Ketcham might have been better advised to look to American history, rather than English literary warfare, for an explanation of the change in official attitude toward political parties. When one turns one’s gaze from the battle between Walpole and Bolingbroke to the battle between Jackson and the Whigs, two possibilities for the rise of political parties suggest themselves.

In the first place, one is struck by the simple thought that with Monroe we had run out of revolutionary leaders to be president. Following the chaotic election of 1824, parties began to be acceptable. This suggests that party may have been viewed as a training ground for statesmen, a way to fill the void left by the absence of the conspicuous patriotism represented by revolu­tionary service, for without the mechanism of party the “personal presidency” as represented by Jackson was the most likely model for future leaders. The danger posed by this was that it led to the glorification of military leaders (the easiest way to gain renown across such a vast country), which of course increased the danger of a military coup. Consider the warning of that preeminent partisan, Clay, to his fellow Whigs considering nominating General Taylor for president:

It seems to me that the Whig party has been long and deliberately committed against the election of a military officer to the Presi­dency who had never developed any capacity for civil administration. . . . The true principle, I think, is this: that great military attain­ments and triumphs do not qualify of themselves nor disqualify for the Presidency.

If General Taylor, who is absolutely without any experience whatever in civil administration, shall be elected, I think we may bid adieu to the election ever again of any man to the office of Chief Magistrate who is not taken from the army . . . . Military chieftain will succeed military chieftain, until at last one will reach the presidency who, more unscrupulous than his predecessors, will put an end to our liberties, and establish a throne of military despotism. (Clay, Letter to Daniel Ullman, May 12, 1847)

A presidency based on The Idea of the Patriot King is acceptable only as long as you’re sure you have patriots, so you don’t end up simply with a king.
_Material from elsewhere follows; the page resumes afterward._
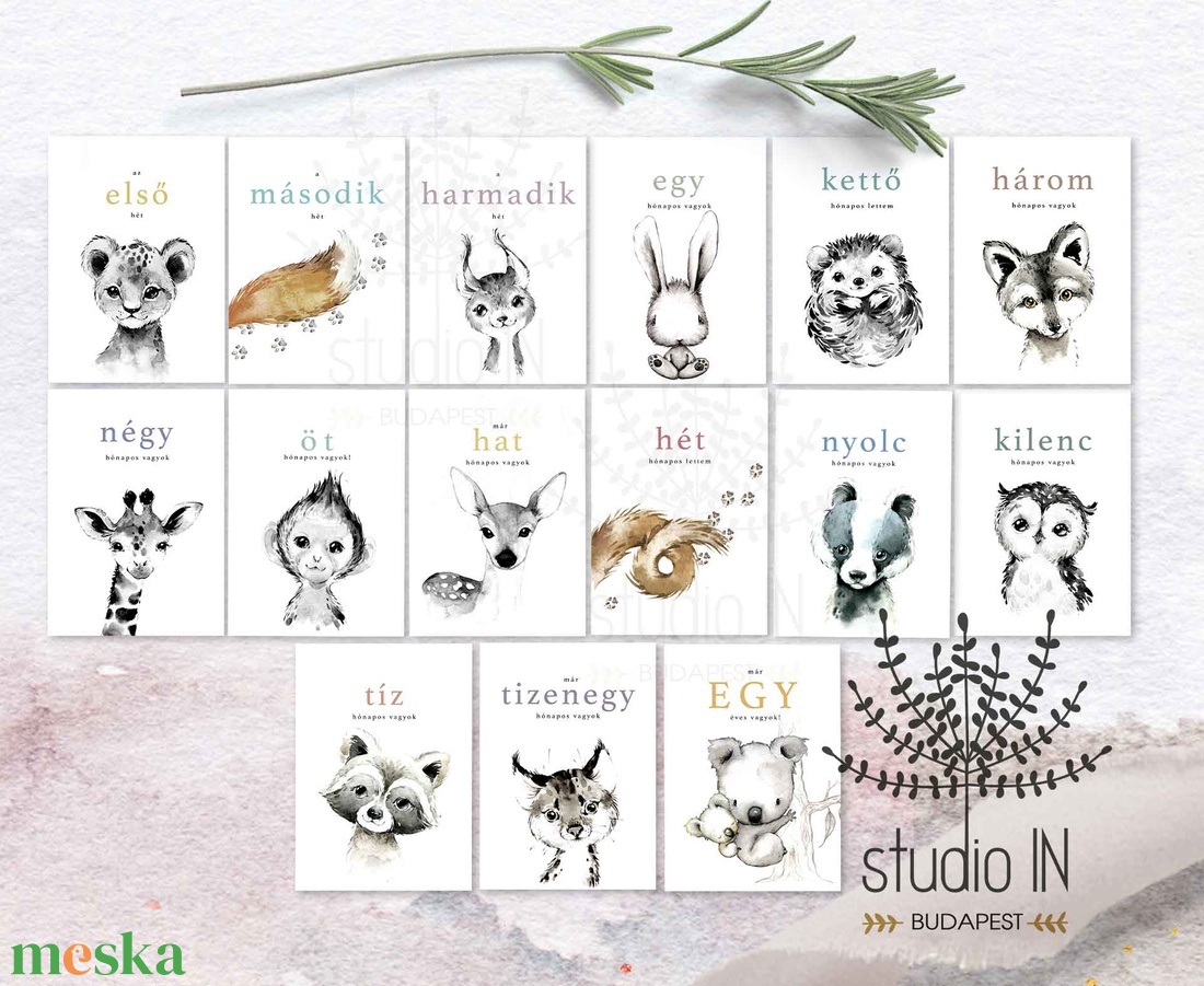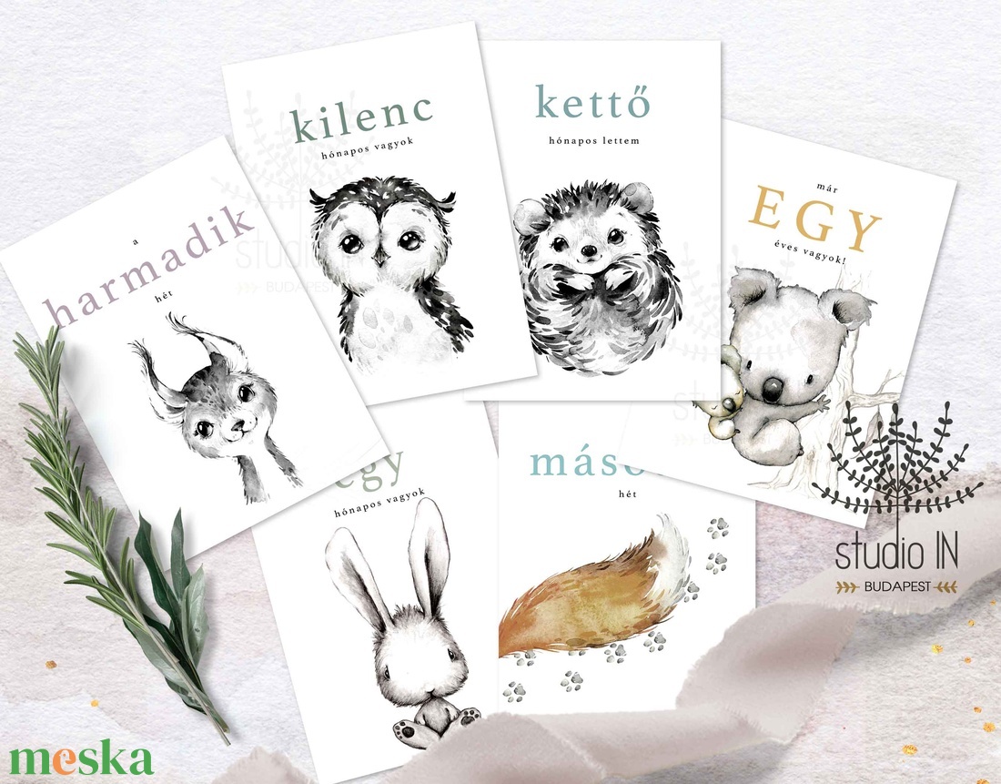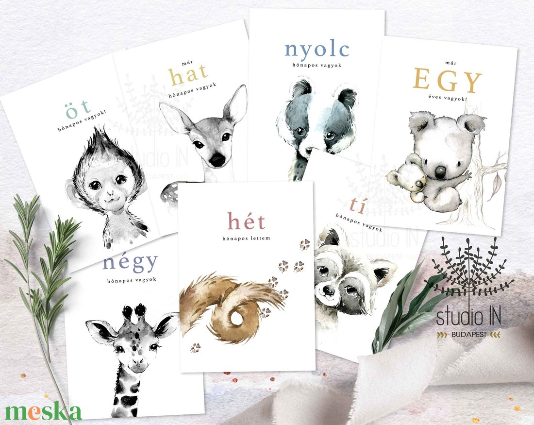 Állatkölykök babaköszöntő mérföldkő kártya

An alternative (or supplementary) explanation for the rise of party is the growing influence of sectionalism as a pernicious force in American politics. It is possible that the antebellum states­men looked to parties as forces to counteract the influence of merely sectional loyalties: Alle­giance to party, organized on principles which could cross regional lines, could replace allegiance to section.

Consider Madison’s thoughts on the subject:

Parties under some denominations or other must always be expected in a government as free as ours. When the individuals belonging to them are intermingled in every part of the whole Country, they strengthen the Union of the Whole, while they divide every part. (Letter to Robert Walsh, November 27, 1819)

Both of the preceding suggestions are merely that-suggestions as to where a serious study of the rise of partisanship in America could begin. Both possess a virtue strikingly absent from Ketcham’s work-they take their bearings from the American context of the problem of American partisanship. Seeing the development of the American presidency as the mechanical unfolding of a predetermined debate, the terms of which were set by the seventeenth century English literati,dooms from the start the project of considering what the first presidents thought about “what it meant to be virtuous in public life.”